1. The omission of a closing date or a date for the execution of the formal agreement is not fatal. A reasonable time may be implied (Heyman Cohen & Sons, Inc. v. M. Lurie Woolen Co., Inc., 232 N.Y. 112, 114, 133 N.E. 370 (1921)). In a purchase of this seizea far flung businessit would be reasonable to find that a difference of a few months in the date of closing would not be material.

2. The essential warranty here was that against undisclosed liability and that is specifically mentioned. The tenor of the October 2 letter indicates that the buyer was willing to take the going concern generally "as is." It is unlikely that the failure to mention such matters as union contracts, supply contracts, long term employment contracts, pension plans or leases of property was deliberately intended to leave these matters open. We read the October 2 letter to mean that the buyer was willing to take Arden as a going concern, whatever its economic burdens, based on its balance sheet and on a multiple of its earnings deemed satisfactory by the buyer. The buyer, on the other hand, would not be required to make any special or unconventional warranties since it was paying cash.

3. The terms of the escrow fund are said to be insufficient because there is no agreement on whether the 1.2 million dollars was to be invested or simply held back by Cyanamid and, if invested, who was to get the interest earned. This seems a make-shift argument. An escrow fund means that it is to be in the possession of an escroweea third party; and it would be assumed generally that the purchase price having been paid and belonging to the seller (unless later decreased under the escrow agreement) the interest would accrue to the seller.

4. Nor are we troubled by the failure to state the accounting procedures to be used to "verify" net worth. The June 30, 1970 balance sheet was unaudited. The outside auditors for Cyanamid were to have an opportunity to verify "to the extent determined by Cyanamid" whether the changes from the last audited balance sheet complied with the same accounting procedures previously used. The value of the inventory would presumably be the most difficult item. Without a fresh physical inventory the verification of the inventory as of June 1970 could, as defendants suggest, be made under different methods. So to a lesser degree could the verification of the reserve for accounts receivable. We think the parties settled the question by mutual agreement when they provided for "a third nationally *605 recognized public accounting firm to make a final and binding determination." This was a provision for binding arbitration which is sufficient for an objective "verification" of the June 30, 1970 balance sheet.

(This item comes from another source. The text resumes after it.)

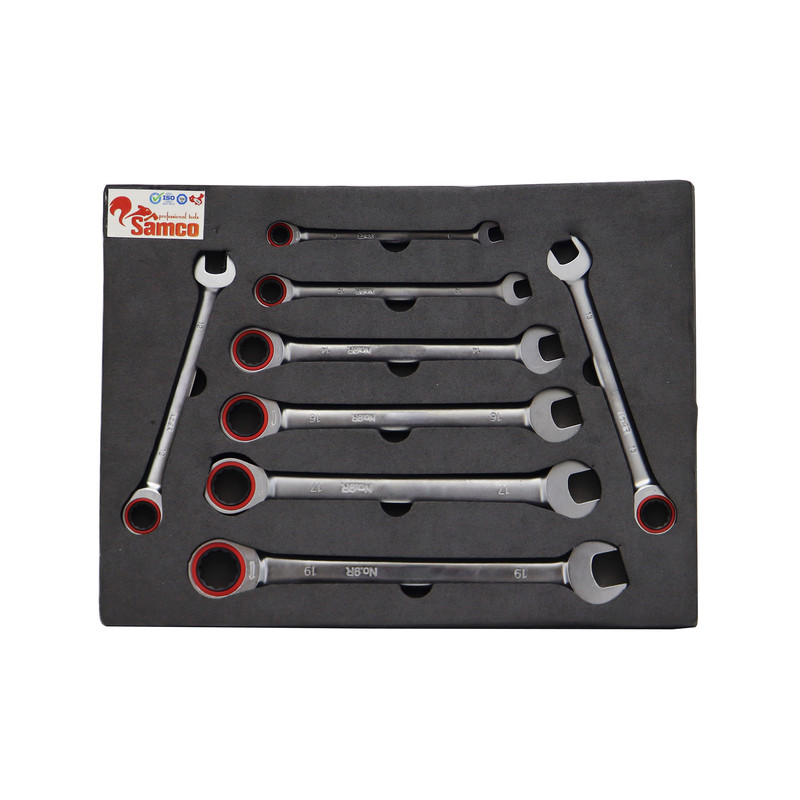 آچار یکسر تخت و یکسر رینگی جغجغه ای سامکو مدل YP-AT-8-19MM مجموعه 8 عددی

Although the October 2 letter may have had the essential terms required that still does not make the October 2 letter a binding contract because it lacks mutuality of obligation (Chiapparelli v. Baker, Kellogg & Co., 252 N.Y. 192, 200, 169 N.E. 274, 277 (1929)), since it contains the further provision quoted in footnote 3 and Cyanamid was not yet bound.[4] But as an offer, we believe that it was sufficiently detailed for an acceptance to bind the parties.

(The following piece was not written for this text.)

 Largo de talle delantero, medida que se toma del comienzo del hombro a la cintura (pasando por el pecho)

That brings us to the question whether the October 2 letter may be construed, as the plaintiff contends, as an offer irrevocable for a reasonable time until the Cyanamid board could act. New York General Obligations Law, McKinney's Consol.Laws, c. 24-A, § 5-1109 provides:

 
"Except as otherwise provided in section 2-205 of the uniform commercial code with respect to an offer by a merchant to buy or sell goods, when an offer to enter into a contract is made in a writing signed by the offeror, or by his agent, which states that the offer is irrevocable during a period set forth or until a time fixed, the offer shall not be revocable during such period or until such time because of the absence of consideration for the assurance of irrevocability. When such a writing states that the offer is irrevocable but does not state any period or time of irrevocability, it shall be construed to state that the offer is irrevocable for a reasonable time."

Although this statute has been on the books since 1941 the New York Courts apparently have not had occasion to consider it. The Court of Appeals for this Circuit, in a case applying New York law, has construed it. See Jarka Corp. v. Hellenic Lines, Ltd., 182 F.2d 916 (2 Cir. 1950). There a writing was held not to be a contract for lack of mutuality, but it contained a provision for thirty days notice of termination which was held to imply a clear intent to keep the offer open until thirty days after notice of termination had been given. The Court held that the use of the word "irrevocable" is not essential if a clear intent to make the offer irrevocable is stated (182 F.2d at 918-919).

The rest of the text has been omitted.